Turkish President Recep Tayyip Erdogan set off a diplomatic row between Iran and Turkey during his visit (December 10) to Baku to attend a military parade of Azerbaijani forces after reclaiming some areas of disputed Nagorno-Karabakh in November. He recited a controversial poem referring to the Aras River. The poem said “They separated the Aras River and filled it with rocks and rods. I will not be separated from you. They have separated us forcibly.” The river is said to be a symbol of what some Iranian Azeri separatists call the separation of Iranian Azerbaijan from The Republic of Azerbaijan. Erdogan’s intent behind the move is clearly to incite the Iranian Azeri separatists causing much of worries for Iranian leaderships.
Already having brutally trodden the sovereignty of Nagorno-Karabakh, Turkey is now hawking for other possible prey in the region to exploit Erdogan's expansionism. Iran is a suitable case for Turkey's devilish plans given its oil and gas riches and a considerable population of Azeri people in the country provides an opportunity for Turkey to execute its diplomacy there. Though the ethnic Azeri populace is in minority in Iran, many of them are in key positions. The Supreme Leader Ayatollah Ali Khamenei is himself an ethnic Azeri. Thus, successfully inciting the Azeri people towards separatism would be devastating for Iran.
Aras River starts in Turkey and then flows along the borders between Turkey and Armenia (including Nagorno-Karabakh), between Turkey and the Nakhchivan area of Azerbaijan, between Iran and both Azerbaijan and Armenia, and finally through Azerbaijan to the Kura River. The Aras gained significance as a geographic political Boundary after World War-l. It serves as the border between Russia and Iran, continental demarcation between Europe and Asia as well as separates the Republic of Azerbaijan from the two ethnic-Azeri Turk majority of Iranian provinces of Ardabil and East Azerbaijan.
Erdogan’s move may be seen as a soft tactic towards his expansionistic approach. While reciting the poem Erdogan had said that Aras will sing stronger, those singing the Karabakh, Shikeste will breathe stronger, in reference to a traditional Azeri song. Through reciting the controversial poem Erdogan endorsed the idea of forcible separation of areas north of Aras from Iranian motherland and thus undermining the sovereignty of Iran.
Iran’s concerns that the Armenia-Azerbaijan conflict would eventually spill over inside its borders is actually finding ground after Erdogan’s remarks. During the Nagorno-Karabak war in 1994, Iranian leaders had faced immense pressure as some Azeri leaders were gearing up to start a movement for the creation of a greater Azerbaijan which included the East and West Azerbaijan provinces of Iran. This had also caused Iran to take a pro-Armenian stance in the war then, despite initially supporting Azerbaijan after its formation. Erdogan is now trying to bring in such Azeri separatist leaders into play for eventually gaining control over the Azerbaijani areas of Iran.

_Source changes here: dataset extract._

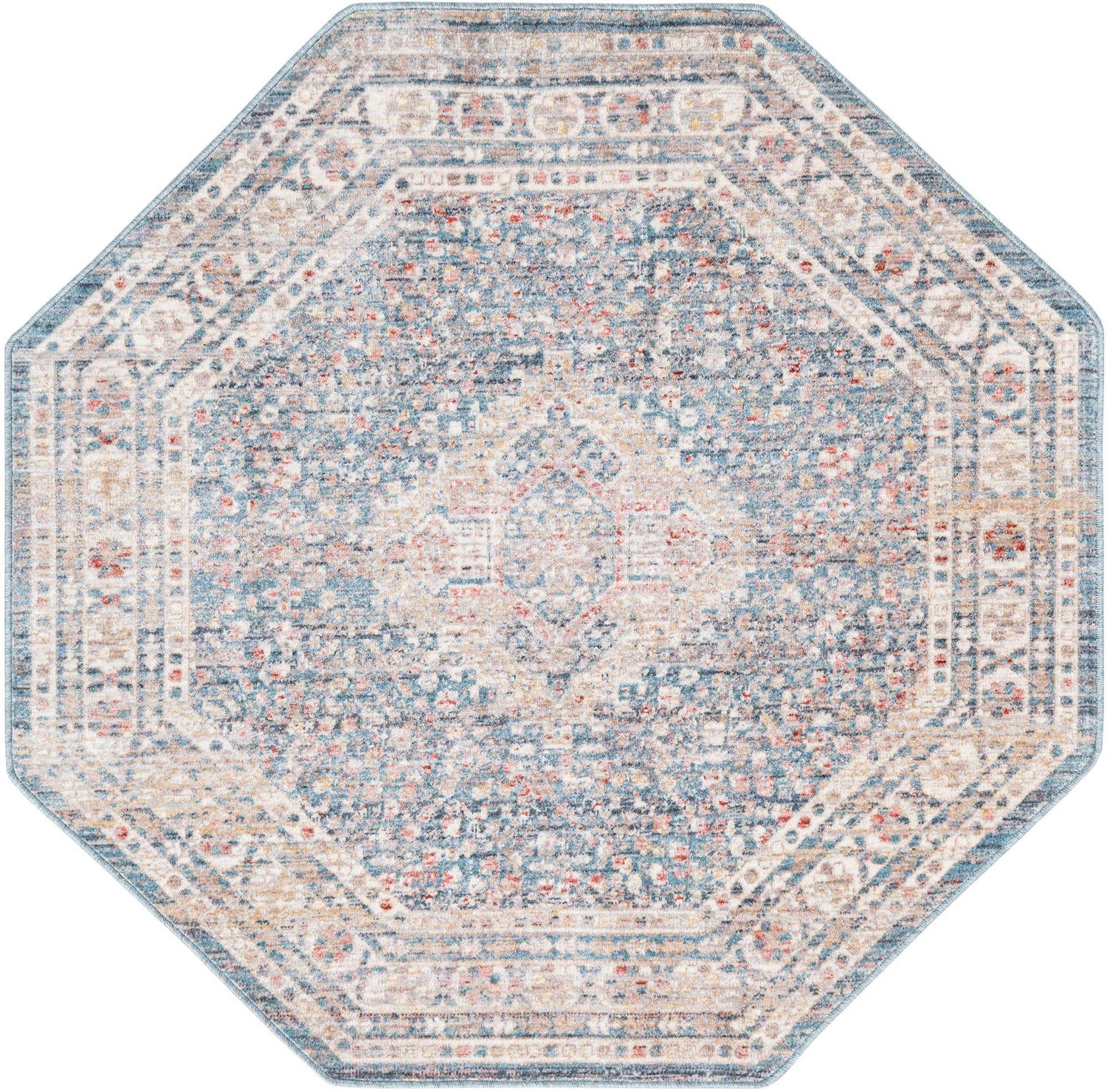 Blue 3' 11 x 3' 11 Noble Octagon Area Rug 100% Polyester Traditional Distressed Classic Contemporary Carpet for Home Decor

Turkey's plans to settle some radical Takfiri Syrian elements in the reclaimed areas of Nagorno-Karabakh also suggest that Turkey wants to create disturbances in the region for the expansion of Erdogan’s Neo Ottomanism. Moreover, the reclamation of the areas of Nagorno- Karabakh by Azerbaijan was overtly facilitated by military assistance from Turkey, elevating Iran's security concerns given Nagorno-Karabakh’s close proximity to Iran as well as Erdogan’s expansionistic ideology.
Iran has taken strong exception to the poem recited by Erdogan. Foreign Ministry summoned (December 11) Turkey's Ambassador to Iran over the remarks. Erdogan’s poem has sparked outrage on social media platforms in Iran, with many Iranian users on social media warning about the Turkish leader's “Neo-Ottomanism” ambitions against Iranian territorial integrity. Some current and former Iranian officials also warned about Turkish “expansionism.”
On the contrary, Turkish leaders and officials have been openly defending Erdogan, Foreign Minister Mevlut Cavusoglu held a telephonic conversation with his Iranian counterpart Javed Zarif and notwithstanding that Erdogan’s poem was against the sovereignty of a country. Cavusoglu stated that remarks targeting President Erdogan was unacceptable.
Such unimpeded behavior of Turkey will eventually provide it an encouragement it to expand the domain of its expansionism in the region. In the given situation, Russia would need to play an active and explicit role to safeguard the geo-politics of the region, whereas, international bodies needs to take cognizance of Turkey’s unilateralism and make viable efforts to keep its expansionistic approach in check.